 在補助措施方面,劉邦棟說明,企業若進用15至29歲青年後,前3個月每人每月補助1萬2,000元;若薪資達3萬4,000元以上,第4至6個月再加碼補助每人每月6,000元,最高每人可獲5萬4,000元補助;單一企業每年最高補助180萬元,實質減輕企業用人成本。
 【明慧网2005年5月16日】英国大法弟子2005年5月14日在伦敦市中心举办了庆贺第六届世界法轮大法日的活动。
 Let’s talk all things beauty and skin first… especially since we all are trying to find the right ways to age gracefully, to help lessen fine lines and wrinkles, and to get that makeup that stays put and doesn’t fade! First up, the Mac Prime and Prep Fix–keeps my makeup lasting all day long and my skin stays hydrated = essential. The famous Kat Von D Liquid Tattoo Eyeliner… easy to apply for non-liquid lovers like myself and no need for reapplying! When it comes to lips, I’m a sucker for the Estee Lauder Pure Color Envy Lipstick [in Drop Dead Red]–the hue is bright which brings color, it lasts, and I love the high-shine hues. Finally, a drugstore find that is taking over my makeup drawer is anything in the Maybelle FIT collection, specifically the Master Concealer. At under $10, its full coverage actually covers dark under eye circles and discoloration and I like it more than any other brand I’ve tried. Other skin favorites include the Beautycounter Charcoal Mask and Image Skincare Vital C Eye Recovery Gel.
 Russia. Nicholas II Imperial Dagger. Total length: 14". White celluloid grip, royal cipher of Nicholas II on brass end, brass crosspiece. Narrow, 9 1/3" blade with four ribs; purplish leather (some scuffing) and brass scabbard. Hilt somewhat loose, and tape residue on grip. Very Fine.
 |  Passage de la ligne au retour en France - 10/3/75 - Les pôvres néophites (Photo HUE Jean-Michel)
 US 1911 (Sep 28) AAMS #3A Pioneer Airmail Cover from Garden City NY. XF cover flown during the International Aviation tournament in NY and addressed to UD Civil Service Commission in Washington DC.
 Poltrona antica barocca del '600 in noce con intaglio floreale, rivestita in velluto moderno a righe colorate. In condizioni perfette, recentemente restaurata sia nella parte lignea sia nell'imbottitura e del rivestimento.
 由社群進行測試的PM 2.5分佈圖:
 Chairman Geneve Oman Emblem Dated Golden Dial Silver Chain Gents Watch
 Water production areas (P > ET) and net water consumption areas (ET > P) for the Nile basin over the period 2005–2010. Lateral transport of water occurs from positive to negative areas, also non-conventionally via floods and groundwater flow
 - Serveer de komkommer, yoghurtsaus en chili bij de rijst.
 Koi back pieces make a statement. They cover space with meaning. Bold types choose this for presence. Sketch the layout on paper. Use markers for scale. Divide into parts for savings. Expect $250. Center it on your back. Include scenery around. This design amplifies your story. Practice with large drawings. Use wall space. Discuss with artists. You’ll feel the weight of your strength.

Instructions to follow
All lines in the material are to be returned exactly.

Output of the task
 在補助措施方面,劉邦棟說明,企業若進用15至29歲青年後,前3個月每人每月補助1萬2,000元;若薪資達3萬4,000元以上,第4至6個月再加碼補助每人每月6,000元,最高每人可獲5萬4,000元補助;單一企業每年最高補助180萬元,實質減輕企業用人成本。
 【明慧网2005年5月16日】英国大法弟子2005年5月14日在伦敦市中心举办了庆贺第六届世界法轮大法日的活动。
 Let’s talk all things beauty and skin first… especially since we all are trying to find the right ways to age gracefully, to help lessen fine lines and wrinkles, and to get that makeup that stays put and doesn’t fade! First up, the Mac Prime and Prep Fix–keeps my makeup lasting all day long and my skin stays hydrated = essential. The famous Kat Von D Liquid Tattoo Eyeliner… easy to apply for non-liquid lovers like myself and no need for reapplying! When it comes to lips, I’m a sucker for the Estee Lauder Pure Color Envy Lipstick [in Drop Dead Red]–the hue is bright which brings color, it lasts, and I love the high-shine hues. Finally, a drugstore find that is taking over my makeup drawer is anything in the Maybelle FIT collection, specifically the Master Concealer. At under $10, its full coverage actually covers dark under eye circles and discoloration and I like it more than any other brand I’ve tried. Other skin favorites include the Beautycounter Charcoal Mask and Image Skincare Vital C Eye Recovery Gel.
 Russia. Nicholas II Imperial Dagger. Total length: 14". White celluloid grip, royal cipher of Nicholas II on brass end, brass crosspiece. Narrow, 9 1/3" blade with four ribs; purplish leather (some scuffing) and brass scabbard. Hilt somewhat loose, and tape residue on grip. Very Fine.
 |  Passage de la ligne au retour en France - 10/3/75 - Les pôvres néophites (Photo HUE Jean-Michel)
 US 1911 (Sep 28) AAMS #3A Pioneer Airmail Cover from Garden City NY. XF cover flown during the International Aviation tournament in NY and addressed to UD Civil Service Commission in Washington DC.
 Poltrona antica barocca del '600 in noce con intaglio floreale, rivestita in velluto moderno a righe colorate. In condizioni perfette, recentemente restaurata sia nella parte lignea sia nell'imbottitura e del rivestimento.
 由社群進行測試的PM 2.5分佈圖:
 Chairman Geneve Oman Emblem Dated Golden Dial Silver Chain Gents Watch
 Water production areas (P > ET) and net water consumption areas (ET > P) for the Nile basin over the period 2005–2010. Lateral transport of water occurs from positive to negative areas, also non-conventionally via floods and groundwater flow
 - Serveer de komkommer, yoghurtsaus en chili bij de rijst.
 Koi back pieces make a statement. They cover space with meaning. Bold types choose this for presence. Sketch the layout on paper. Use markers for scale. Divide into parts for savings. Expect $250. Center it on your back. Include scenery around. This design amplifies your story. Practice with large drawings. Use wall space. Discuss with artists. You’ll feel the weight of your strength.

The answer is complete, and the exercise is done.